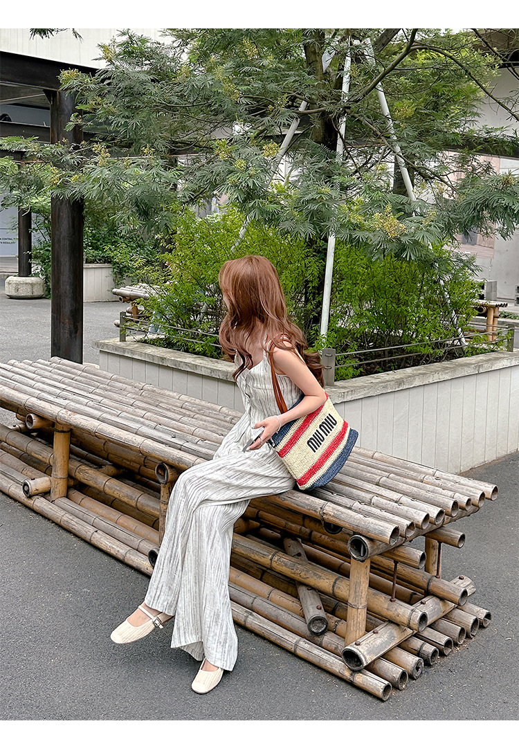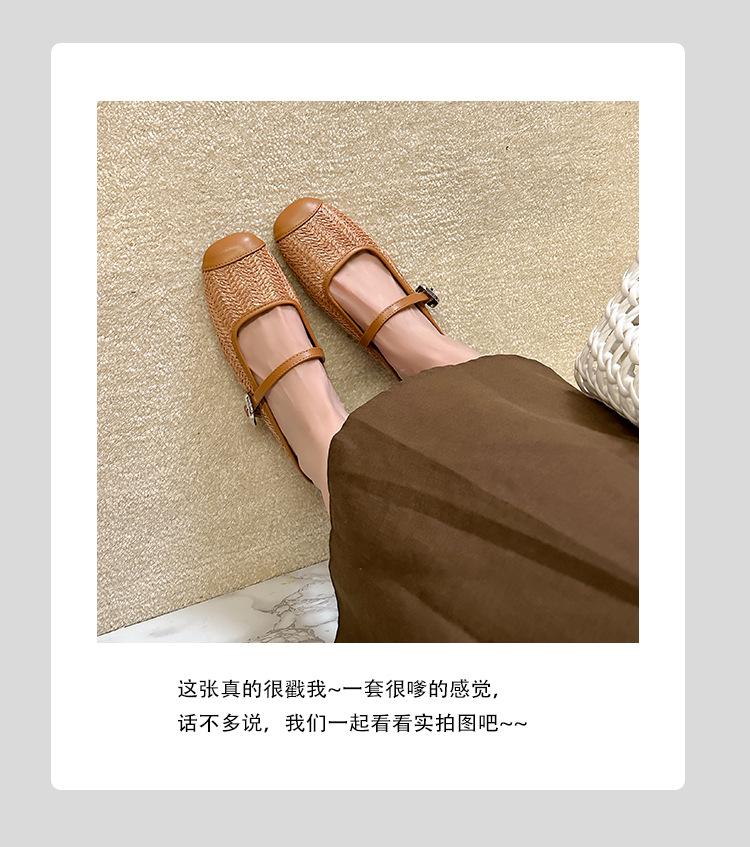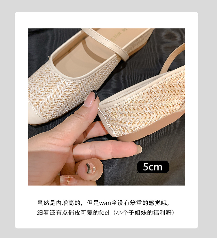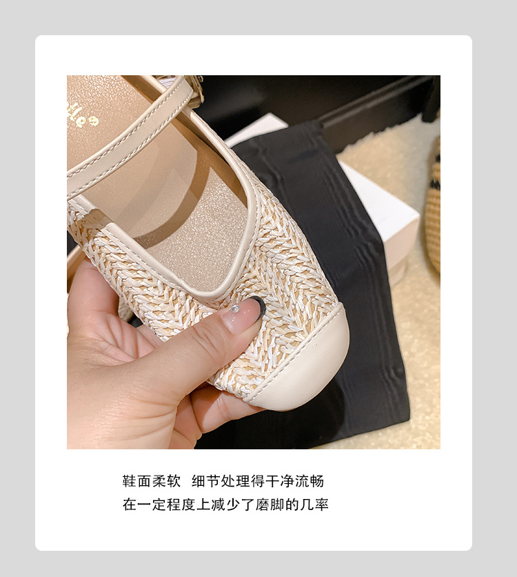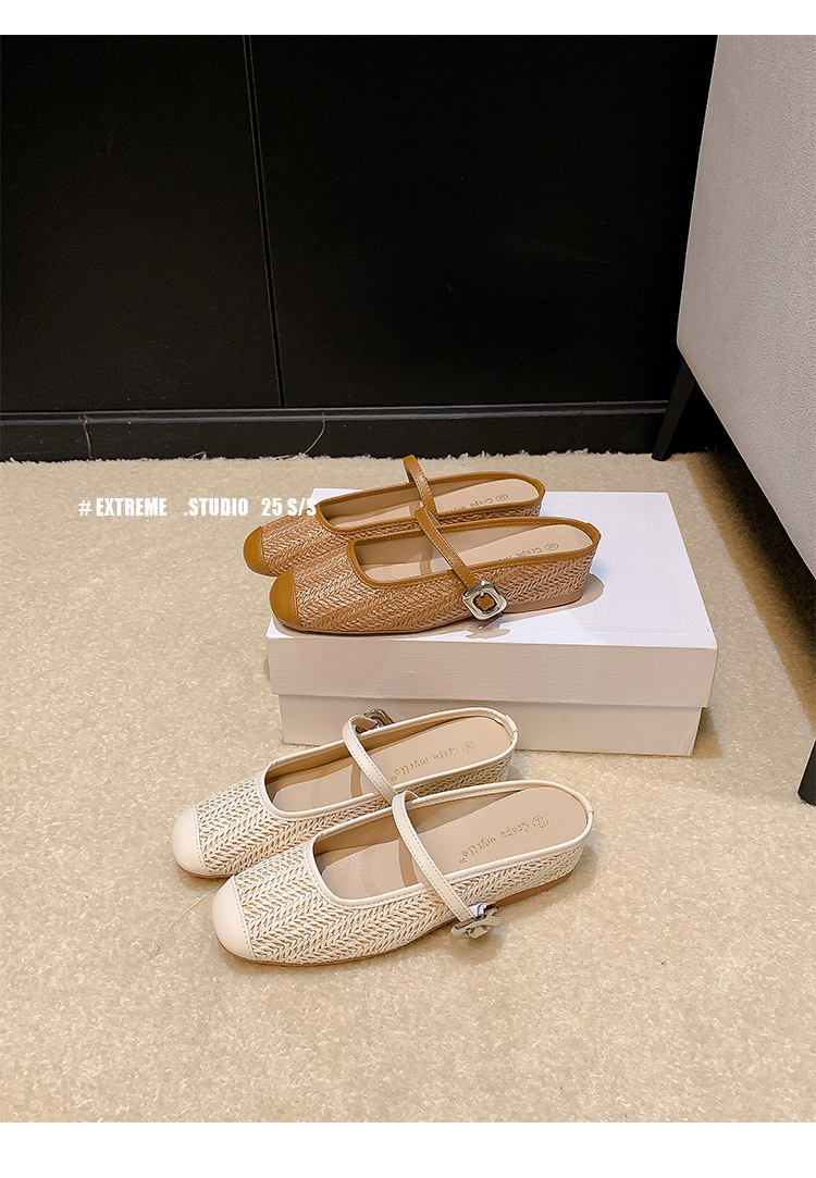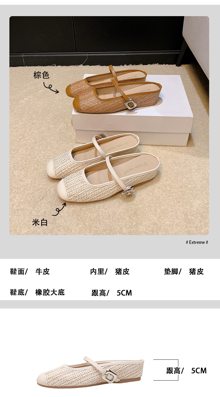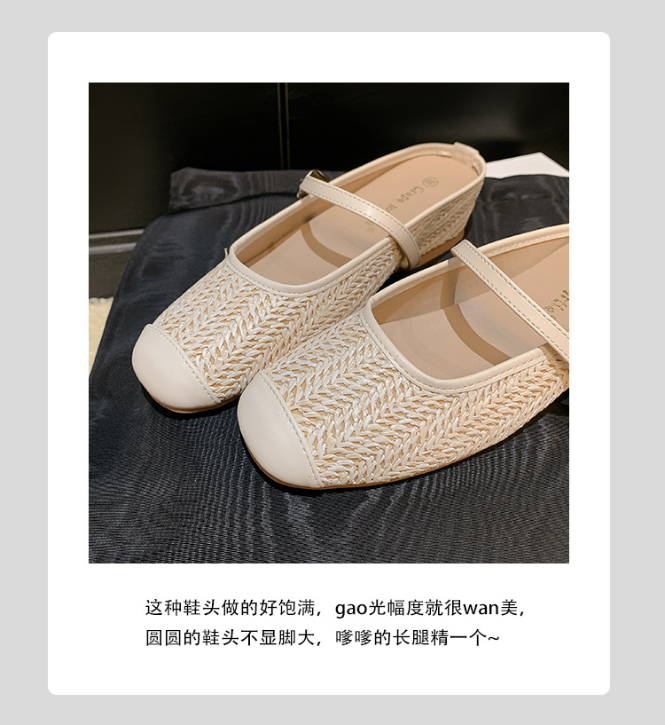 Grape Mom Summer retro tejido cuadrado hueco cabeza de una palabra con sandalias de tacón grueso Muller media pantuflas ropa exterior femenina
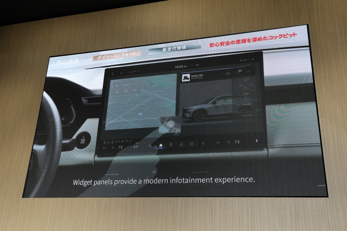 安全思想の柱として語られたのは、優れた視界・視認性、理想的なドライビングポジション、運転集中を支えるコックピット設計です。今回の刷新重点は、このコックピット設計にあると説明されました。新型CX-5は、必要なスイッチは物理で残しつつ、直感的なタッチスイッチと高い音声認識を採り入れています。
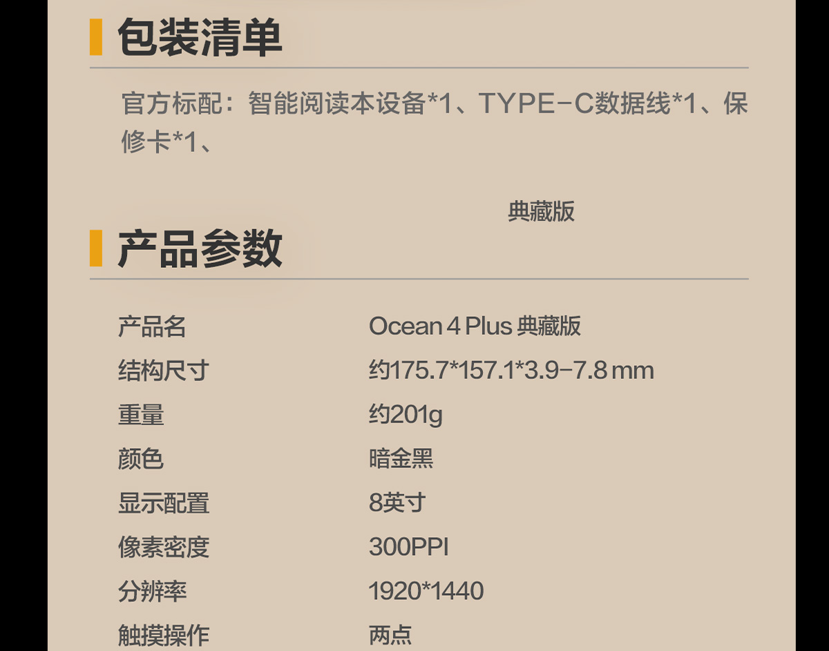 Ocean4 Plus典藏版 智能电子书阅读器墨水屏8英寸
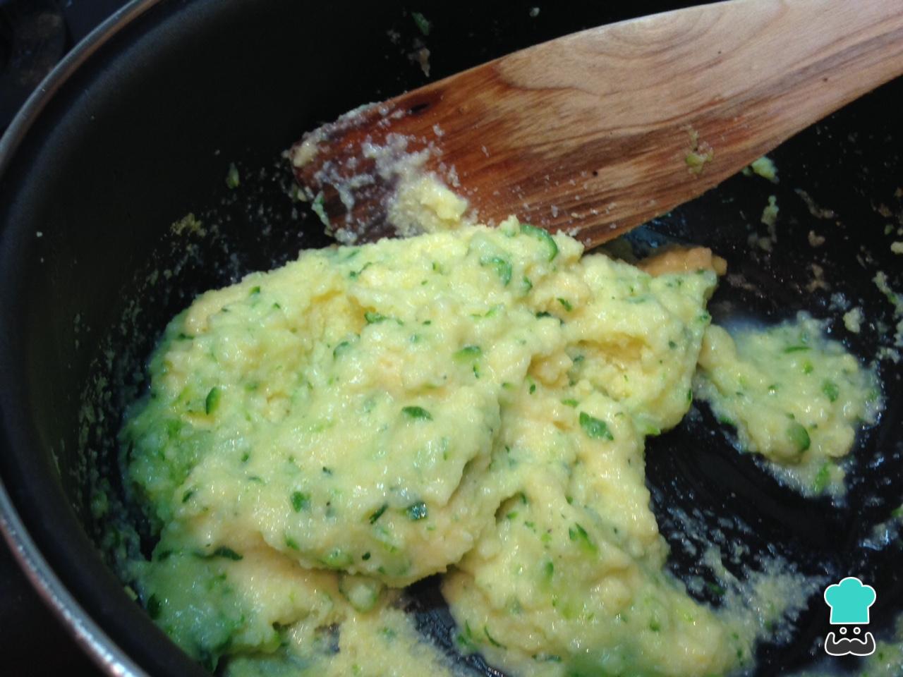 De seguida, amasse bem a abobrinha até os pedacinhos deixarem de ser visíveis. Volte a colocá-la no fogo e junte os ovos e a cebolinha verde. Tempere com glutamato monossódico e sal, deixe cozinhar mais um pouco com a panela tampada e misture de vez em quando.

WORK TO BE COMPLETED: Drop every image, please, and write out the data above exactly as shown.

ANSWER AREA:
 Grape Mom Summer retro tejido cuadrado hueco cabeza de una palabra con sandalias de tacón grueso Muller media pantuflas ropa exterior femenina
 安全思想の柱として語られたのは、優れた視界・視認性、理想的なドライビングポジション、運転集中を支えるコックピット設計です。今回の刷新重点は、このコックピット設計にあると説明されました。新型CX-5は、必要なスイッチは物理で残しつつ、直感的なタッチスイッチと高い音声認識を採り入れています。
 Ocean4 Plus典藏版 智能电子书阅读器墨水屏8英寸
 De seguida, amasse bem a abobrinha até os pedacinhos deixarem de ser visíveis. Volte a colocá-la no fogo e junte os ovos e a cebolinha verde. Tempere com glutamato monossódico e sal, deixe cozinhar mais um pouco com a panela tampada e misture de vez em quando.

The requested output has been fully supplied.